Understanding I-T Department's Intimations on Property Deals, Foreign Assets, and AIS Mismatches
On December 18, 2025, at 5:58 PM, the Income Tax Department (ITD) announced that they have received references regarding recent communications sent to taxpayers about their transactions. These communications are part of an automated system designed to inform taxpayers about discrepancies in their financial records.
The ITD is referring to the automated intimations via email being sent to many taxpayers about AIS mismatch, property transactions, foreign income, foreign assets, car purchases, and other significant financial activities. The department stated: “Taxpayers may please note that such communication is to facilitate the taxpayers and make them aware of the information available with the ITD regarding the transactions reported by the Reporting Entities during the year.”
The tax department further explained that these communications are purely advisory and are sent only in cases where there is a noticeable gap between the disclosures in the Income Tax Return (ITR) and the information received from Reporting Entities. The primary objective of these communications is to provide an opportunity for taxpayers to voluntarily correct any discrepancies by reviewing their AIS and, if necessary, revising their returns already filed or filing belated returns if they haven't done so yet.
The last date for revising or filing a belated return for Assessment Year 2025-26 is December 31, 2025. Taxpayers are encouraged to respond promptly via the Compliance Portal if discrepancies exist or to ignore the communication if their filings are correct.
For instance, if an ITR is filed on September 16, 2025, which falls within the extended due date for non-audit taxpayers for Financial Year 2024-25, the Centralised Processing Centre (CPC) is statutorily required to process the return and issue an intimation under Section 143(1) of the Income-tax Act, 1961, within 9 months from the end of the financial year in which the return is filed. Chartered Accountant Suresh Surana explained to ET Wealth Online that the statutory time limit for processing the return would expire on December 31, 2026.
Surana clarified that the fact that the ITR was filed on September 16, 2025, within the extended due date, does not affect the statutory processing timeline. The 9-month period commences from March 31, 2026, the end of the financial year in which the return was filed, and not from the actual date of filing. Consequently, irrespective of whether the return was filed on July 31, 2025, September 16, 2025, or even by the belated return deadline of December 31, 2025, the CPC has until December 31, 2026, to process the return and issue the intimation under Section 143(1).
If any ITR is not processed on or before December 31, 2025, and any error or omission is found in the ITR, the taxpayer has limited options. For Assessment Year 2025-26, the statutory time limit for filing a revised return under Section 139(5) expires on December 31, 2025. Once this date has passed, a taxpayer can no longer revise the return to correct errors or omissions, even if the return has not yet been processed by the CPC.

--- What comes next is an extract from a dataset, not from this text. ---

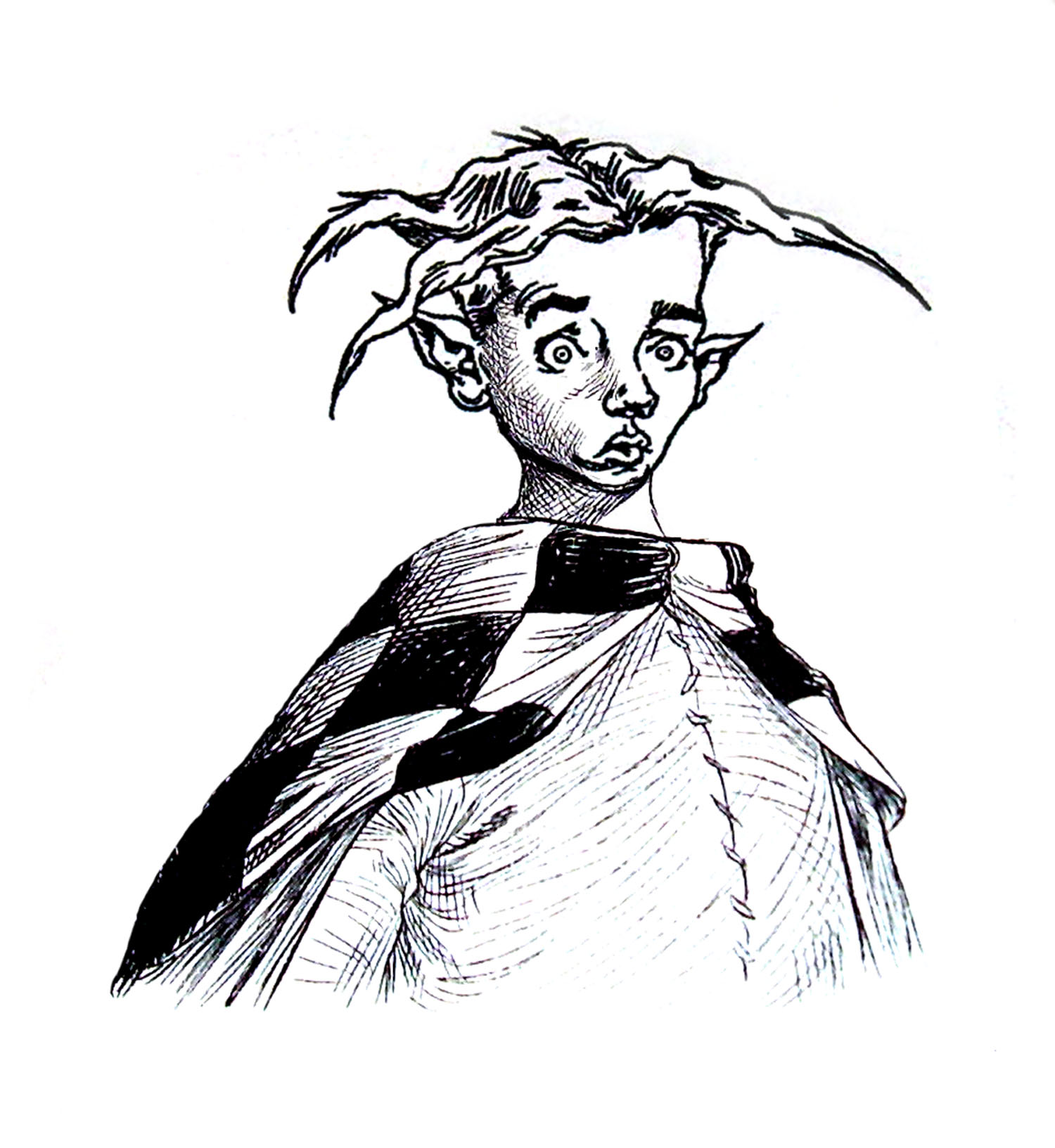 Cowlquape Pentephraxis.

However, if the income tax return (ITR) is subsequently processed under Section 143(1) and the taxpayer receives an intimation pointing out an apparent mistake, the law provides an alternative remedy. In such cases, the taxpayer may file an application for rectification under Section 154. Rectification is permitted for mistakes apparent from the record, such as arithmetical errors, incorrect carry-forward of losses, wrong tax or interest computation, mismatch of TDS credits, or other clerical inaccuracies reflected in the CPC intimation.
A rectification request under Section 154 can be filed electronically through the Income-tax e-Filing Portal and must generally be made within 4 years from the end of the financial year in which the intimation under Section 143(1) is passed. Importantly, rectification proceedings are limited in scope and cannot be used to make fresh claims, introduce new income or deductions, or address debatable issues of law that were not part of the original return.

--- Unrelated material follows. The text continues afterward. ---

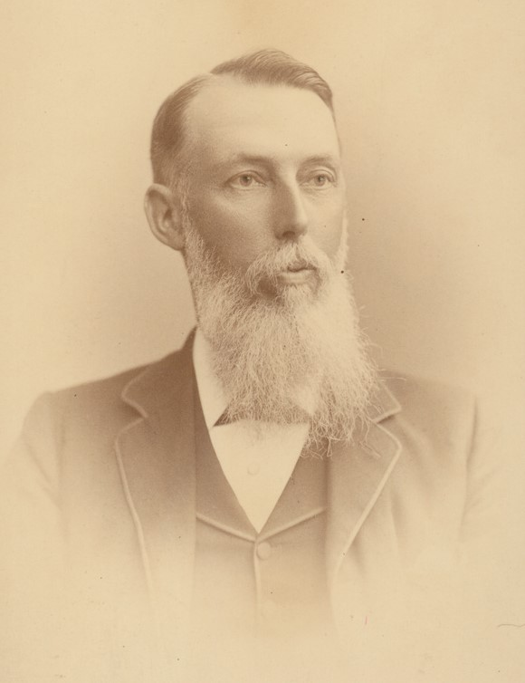 Portrait of Edward Rennie.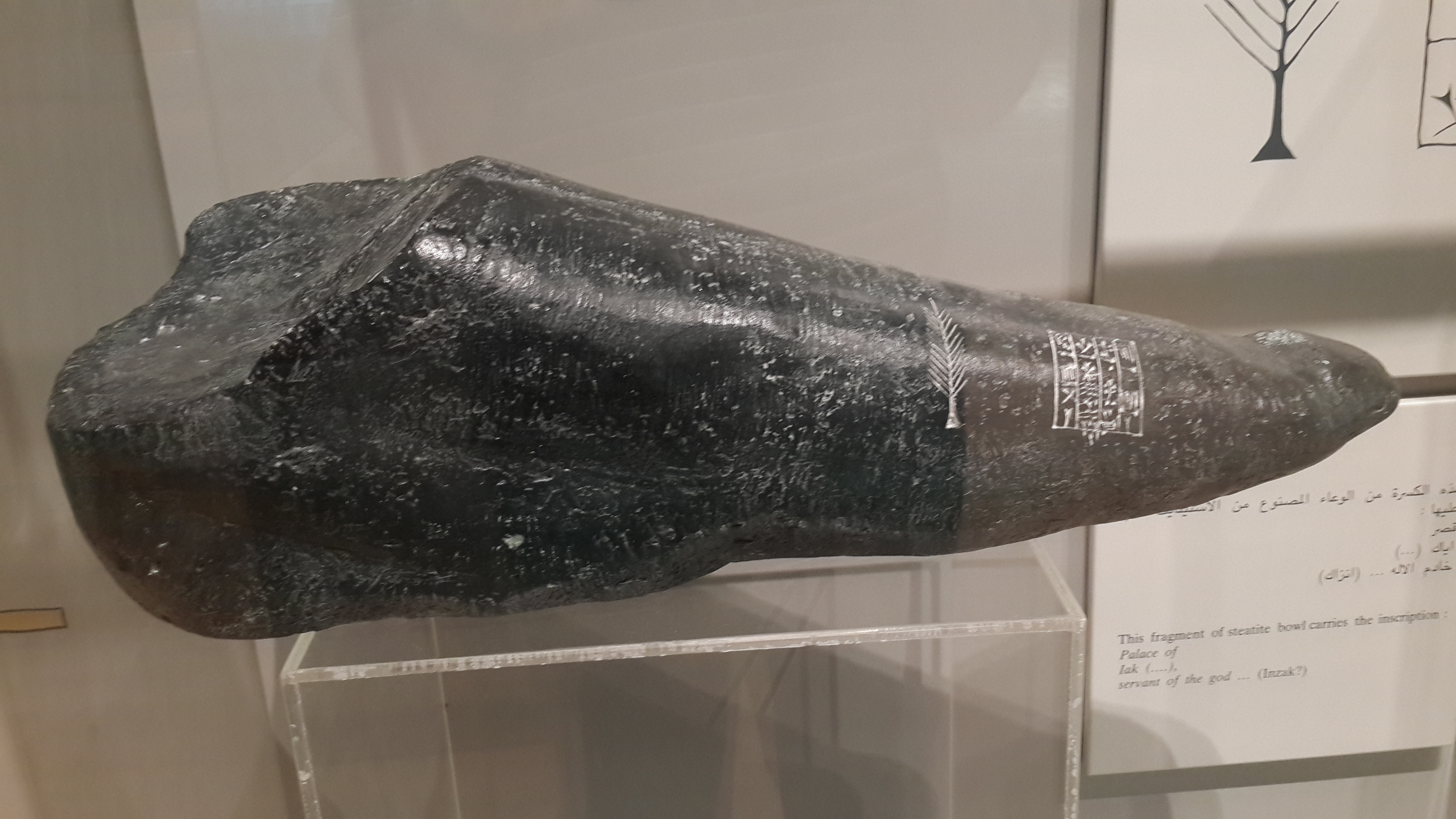 This is a photograph of a replica of the Durand Stone at the Bahrain National Museum. The stone dates back to the Kassite period (1591 BC - 1155 BC) and likely originates from Oman or southeastern Iran. The original Durant Stone was said to be destroyed during World War II.

Accordingly, where the time limit for filing a revised return has expired, taxpayers should carefully review the intimation issued by the CPC and, where the error qualifies as a mistake apparent on record, seek correction through Section 154 rectification. Issues beyond the scope of rectification would need to be pursued through appropriate appellate remedies under the IT Act, subject to applicable timelines.
In summary, the ITD's recent intimations aim to help taxpayers identify and correct discrepancies in their financial records. Taxpayers should review these communications carefully and take appropriate action within the specified timelines to avoid any legal complications.